水曜日, 1月 21, 2009

大統領就任式

 昨日はワシントンはすごい人でしたね。国旗がぱたぱたぱた、すごい数でした。自然と国を愛し誇りに思い、迷いなく国旗を振るのはすばらしいですね。

 我がデパートメントでは映画観のようなスクリーンのあるVisual labというのがありまして、そこでオバマの就任演説を上映するというメールが来ました。セントラル時間で11AM。僕もみんなとまざって演説を聞きました。
 科学政策を再編するというところで拍手がわき起こりました。いわゆるグリーン・ニューディール的なエネルギー技術への未来投資という意味だと思われますので、レガシーエネルギーに関わりの強い地球科学系ではむしろマイナス要素かもしれません。もっと広く教育政策という意味では、大学の存在価値が高められる方向にあり、プラス要素と言えるでしょう。
 本当にアメリカ政府もアメリカ国民の実体経済も危機的な状況にあり、ここ数年はかなりの苦痛を強いられることを覚悟せよ、と言っています。しかし、私たちはこれに立ち向かえるんだ!アメリカ再生のチャンスだ。未来の子供たちに、我々は耐え抜いた、そして君たちにバトンを渡すと、誇りを持って言えるようにしよう、と。モノは言いようだとはこのことですね。悲観することに意味などないか。日本もアメリカも実際には同じように成功して同じようにいっぱい失敗もするんでしょうが、基本スタンスが違うとこうも印象が違うものなのかと思います。とはいえ、日本もアメリカも結果的にどっちもすごい国であることは忘れてはなりません。

 もうひとつ大きなことは、やはり黒人大統領であるということですね。夕べのテレビは黒人奴隷の歴史が多く取り扱われていました。黒人たちにとっては、ものすごい大きな変化であると思います。なんとなくですが、テレビのレポーターの黒人が、まだ身に慣れていない誇りを手にした高揚感のような、なにか自信を身につけたように、ちょっとぎこちなくしかし喜びに溢れて、堂々と白人にインタビューをしているような雰囲気を感じました。白人の方も、これまでは別に気にしないよという一歩離れたウワベ非差別主義者ようなスタンスから、本当に黒人をちゃんと見直そうという積極的な平等主義者に変わるようなムーブメントが自然とできつつあるように思われました。本当に黒人の地位は向上するのではないかと感じました。まさに黒人大統領はこういう側面で象徴的といえるでしょう。
 夜のレセプションでオバマ夫妻のダンスに合わせて歌を歌ったビヨンセはインタビューでコメントしながら泣きそうになり、
「あーごめんなさい、あーごめんなさい、恥ずかしいわ、でも本当に私はただラッキーで、こんな風に歴史の一ページに参加できて誇らしいです。」と言う頃にはもっと泣いてました。

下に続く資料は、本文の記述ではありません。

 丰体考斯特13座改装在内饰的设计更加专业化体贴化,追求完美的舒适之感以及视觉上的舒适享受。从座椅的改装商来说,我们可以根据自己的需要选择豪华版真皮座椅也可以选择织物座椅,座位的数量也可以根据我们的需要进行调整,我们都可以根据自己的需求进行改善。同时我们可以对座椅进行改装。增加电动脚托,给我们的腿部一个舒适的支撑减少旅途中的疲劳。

 一方日本では畏れ多い国会の場で石井議員が麻生首相に漢字のテストを行っていると、オバマ就任挨拶のすばらしさとのコントラストで紹介されたりしていますが、そういうことは米国でもあるので、そうやって自分を卑下する方向に比較するのじゃなくて、もっと日本のポジティブな面も見て、それで比較すればいいのではないかと思います。例えば米国政府に資金援助の陳情に行くのにビッグ3の社長どもは自家用ジェットで乗り付けて、議会からその飛行機を今すぐ売れと文句言われたとか。日本航空の社長の質素さに米国言論が賞賛しているとか。

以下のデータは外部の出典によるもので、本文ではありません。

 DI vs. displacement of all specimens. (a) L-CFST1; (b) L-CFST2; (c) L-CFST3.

追記:今後の困難に立ち向かうに際して、米国民の特性を表現するのに開拓時代の先祖になぞらえて、彼らの辛酸の上に今の私たちの反映があり、今後の困難に対して我々が努力して、同じように子供たちに分け与えようという論調だったようですけども、これは詭弁だよ。今の状況はあった物が失われた自業自得であって、もともと何もなかった西部時代とは違うよ。